*** The data Section Begins ***
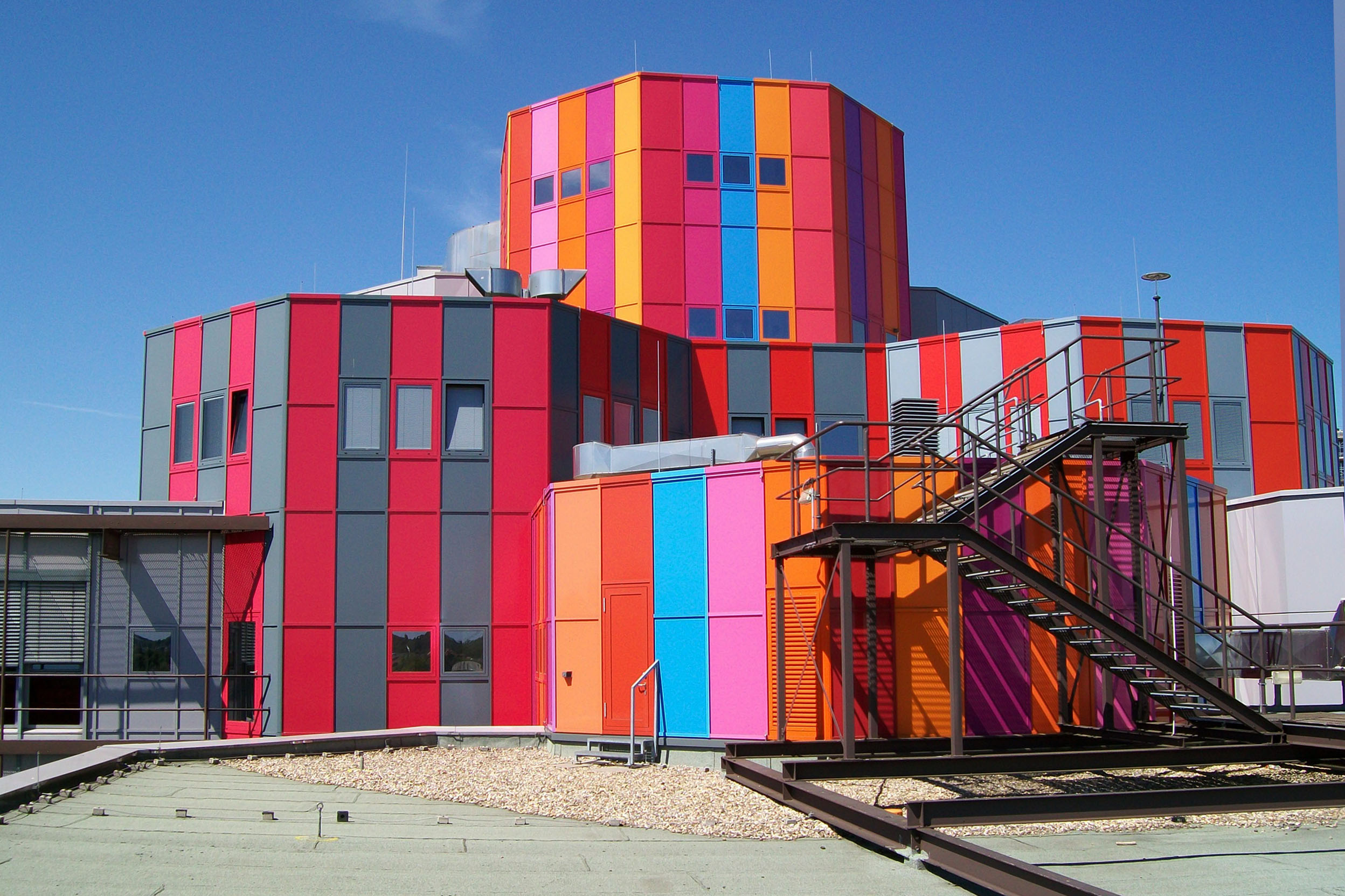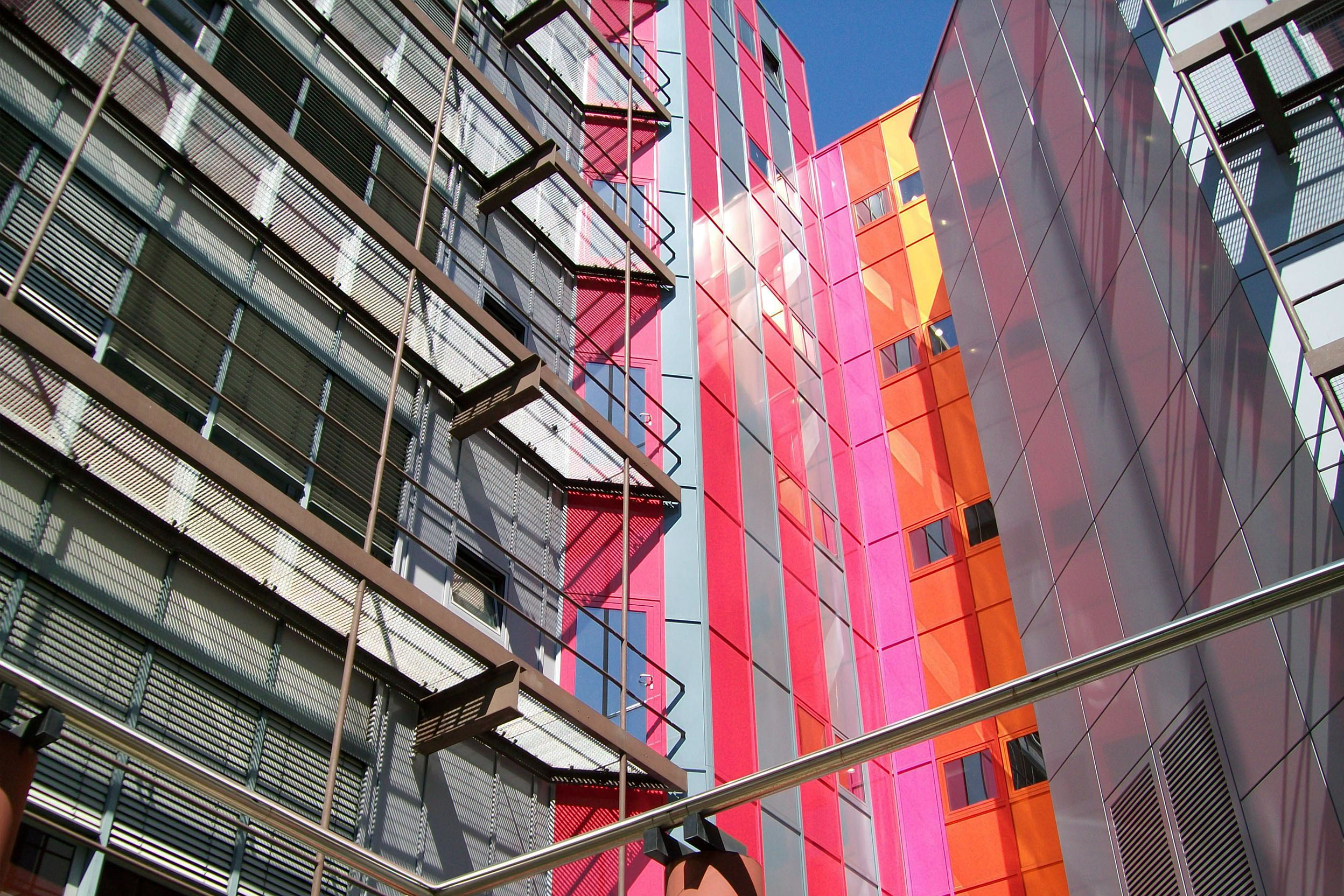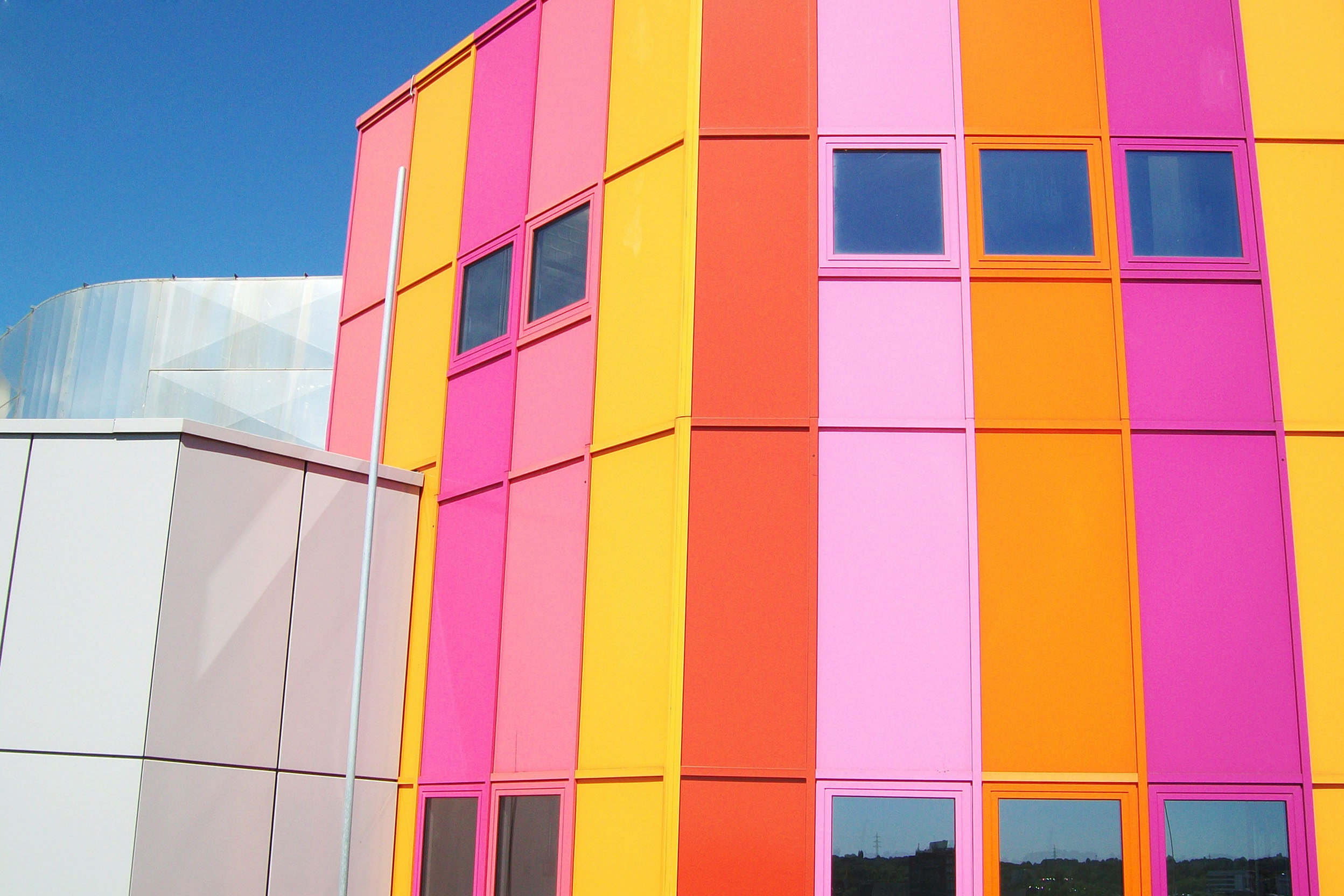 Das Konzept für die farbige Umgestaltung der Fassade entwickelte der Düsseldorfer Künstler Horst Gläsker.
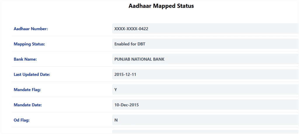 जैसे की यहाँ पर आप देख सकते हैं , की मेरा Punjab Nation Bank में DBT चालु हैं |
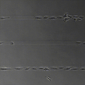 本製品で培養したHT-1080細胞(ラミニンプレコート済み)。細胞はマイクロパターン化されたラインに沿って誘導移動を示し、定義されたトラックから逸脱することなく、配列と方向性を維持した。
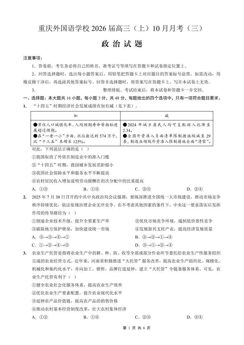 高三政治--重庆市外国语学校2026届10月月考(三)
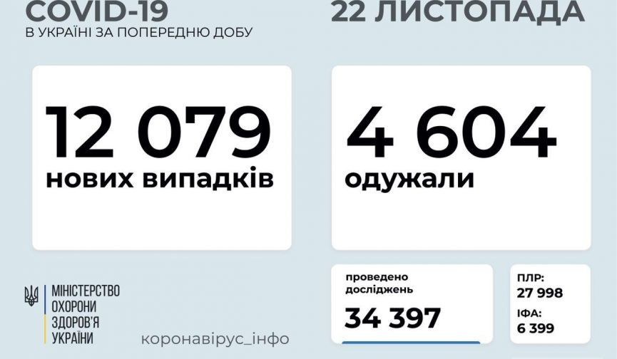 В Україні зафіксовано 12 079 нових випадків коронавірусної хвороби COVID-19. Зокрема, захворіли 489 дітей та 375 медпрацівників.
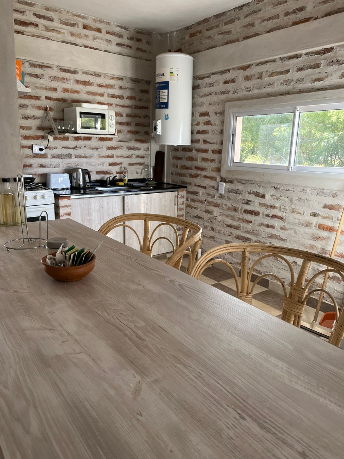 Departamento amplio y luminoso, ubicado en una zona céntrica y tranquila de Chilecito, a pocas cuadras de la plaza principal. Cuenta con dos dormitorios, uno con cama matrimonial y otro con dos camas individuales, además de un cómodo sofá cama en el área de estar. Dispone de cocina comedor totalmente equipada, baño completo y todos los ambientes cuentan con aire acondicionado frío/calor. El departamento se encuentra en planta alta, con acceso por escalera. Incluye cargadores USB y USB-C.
*** The data Section Ends ***
*** The data Section Begins ***
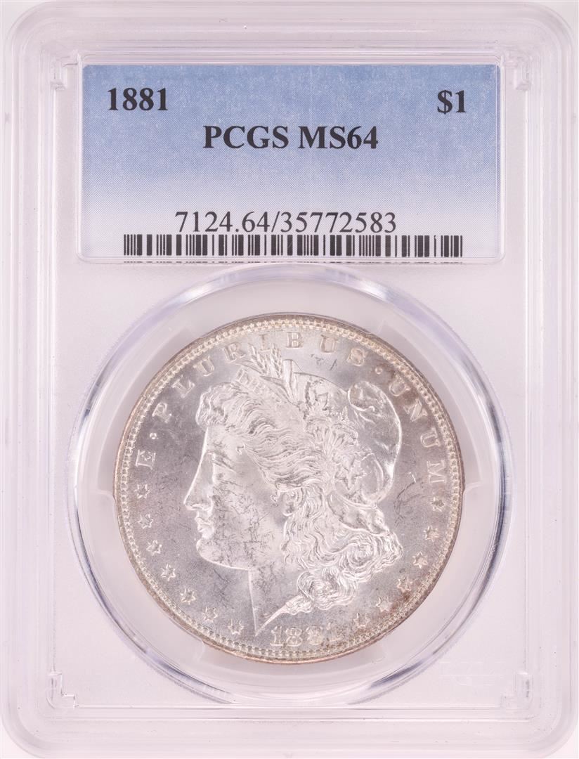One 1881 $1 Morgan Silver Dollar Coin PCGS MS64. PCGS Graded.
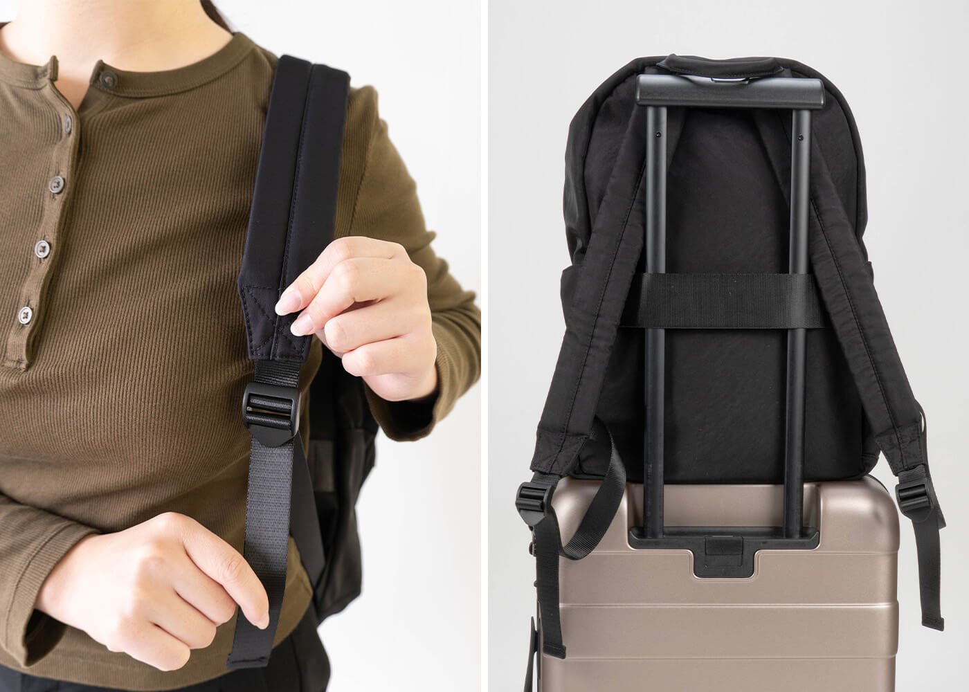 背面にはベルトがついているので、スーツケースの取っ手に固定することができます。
*** The data Section Ends ***
**Problem to work on:**
Give back exactly the lines above from the one with "高三政治--重庆市外国语学校2026届10月月考(三)" through the one with "В Україні зафіксовано", both included. Pictures don't belong in the copy.

**Task answer:**
 高三政治--重庆市外国语学校2026届10月月考(三)
 В Україні зафіксовано 12 079 нових випадків коронавірусної хвороби COVID-19. Зокрема, захворіли 489 дітей та 375 медпрацівників.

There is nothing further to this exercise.